Non le difese immunitarie – o non direttamente, come vedremo – ma quelle psicologiche. Non se ne parla in questo periodo, quasi fosse un aspetto marginale e trascurabile.

A dirci che non lo è ci pensa Antonio Quaglietta. Psicologo, counselor e formatore, tre lauree in tasca, molto quotato nel settore in Italia, il 47enne potentino ha appena pubblicato un video – cliccato da migliaia di persone – in cui cerca di spiegare alle persone come comportarsi in questo momento. Il filmato si può guardare all’indirizzo internet https://youtu.be/jGpc8tZl2ng.

«Nel video – dice Quaglietta – mostro gli effetti del panico sia in termini di emozioni (paura, rabbia, impotenza) sia di effetti sul fisico (produzione di cortisolo, il cosiddetto ormone dello stress che incide pesantemente sul sistema immunitario). Do piccole strategie per mantenere la calma, spiegando perché rischiamo di andare nel panico: la sovraesposizione mediatica, le notizie contrastanti e soprattutto il bombardamento di immagini».

Ha riscontri, in questi giorni di emergenza sanitaria, dalle persone che assiste?
«Assolutamente sì. Le persone che ho visto questa settimana, un campione di circa trenta persone che stanno lavorando su altre difficoltà personali, nel 90 per cento dei casi hanno cominciato parlando del coronavirus e per buona parte del colloquio siamo rimasti sulle emozioni che genera».

E cosa emerge?
«Innanzitutto contattano paure che non avevano da tempo: per la prima volta si sentono assolutamente impotenti e totalmente privi di controllo. Soprattutto le persone con stile fobico e ossessivo, cioè che tendono alla paura oppure all’ordine e al controllo, stanno subendo contraccolpi fortissimi: si sentono in una situazione di assoluto pericolo e di assoluta impotenza».

E invece le persone che non sono fobiche od ossessive?
«Il contraccolpo varia d’intensità.

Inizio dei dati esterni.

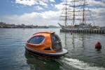 Measuring more than 24 feet in length and 11 feet in width, the watercraft is completely customizable. The cabin can be fit with beds, bathroom, kitchenette, or use the space as a tender.
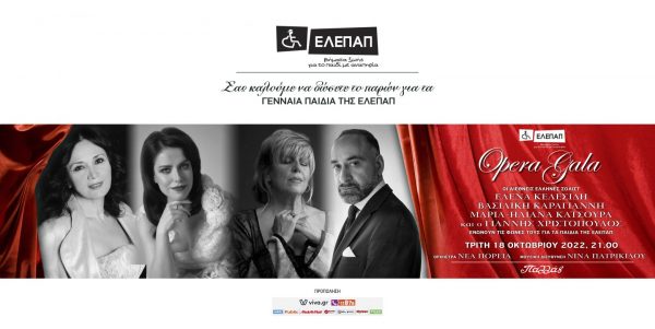 Μεγάλο φιλανθρωπικό γεγονός στο Θέατρο Παλλάς. Διεθνείς Έλληνες σολίστ, που έχουν διαγράψει λαμπρή καριέρα στην Ελλάδα και το εξωτερικό, ενώνουν τις φωνές τους με αυτές των Γενναίων Παιδιών της ΕΛΕΠΑΠ, στηρίζοντας έμπρακτα τον καθημερινό τους αγώνα για ένα καλύτερο μέλλον, σε ένα μοναδικό Opera Gala στο θέατρο Παλλάς, στις 18 Οκτωβρίου 2022 και ώρα 21:00.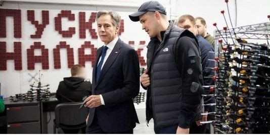Вот, например, госсекретарь США Блинкен, который тоже недавно отметился визитом на якобы киевский военный завод, не стал делать никакого секрета из наличия там украинского персонала.

La persona che non ha tendenze fobiche e ossessive, diciamo pessimistiche per intenderci, comincia a parlare di “seria preoccupazione”. Persone che hanno già la tendenza a vedere più il problema che la soluzione, rischiano di andare fuori controllo».

Che significa «andare fuori controllo»?
«Vuol dire attivare comportamenti che non avrebbero solitamente, che poi sono quelli che vediamo, come saccheggiare i supermercati, ad esempio. Ci sono persone che, mi hanno detto, iniziano ad avere paura che finisca l’amuchina. Una paura irrazionale. Però, la vivono come pericolo reale».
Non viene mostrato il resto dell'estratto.